Specifically, we concentrated on:
- enhancing the chatbot’s sensitivity to time-related questions;
- addressing a context filtering error and improving the prompts;
- refactoring the codebase for better performance and maintainability;
- implementing infrastructure improvements for ease of maintenance - specifically updating forum summaries and data that the chat uses to respond to questions.
Chatbot Model Enhancement
Our efforts to improve the chatbot model have showed significant results. We’ve addressed several technical challenges and observed consistent improvements in the model’s performance.

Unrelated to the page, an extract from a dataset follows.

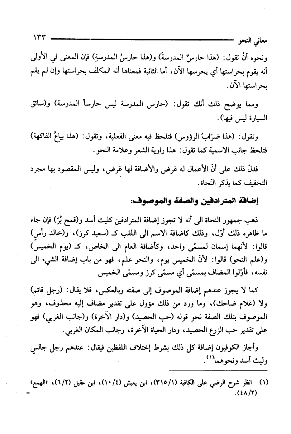 كما لا يجوز عندهم إضافة الموصوف إلى صفته وبالعكس، فلا يقال: (رجل قائم) ولا (غلام ضاحك)، وما ورد من ذلك مؤول على تقدير مضاف إليه محذوف، وهو الموصوف بتلك الصفة نحو قوله (حب الحصيد) و (دار الآخرة) و (جانب الغربي) فهو على تقدير حب الزرع الحصيد، ودار الحياة الآخرة، وجانب المكان الغربي.

- Time-sensitive questions: The model now more accurately distinguishes between historical and current data.
- Filtering error: Resolved a critical issue in the context filtering mechanism, leading to more accurate and contextually appropriate responses.
- More effective prompts: Refined prompts result in higher quality outputs across various query types.
- Infrastructure improvements: Refactored database connections and implemented OpenAI’s structured output API to allow for more consistent response formats from the LLM.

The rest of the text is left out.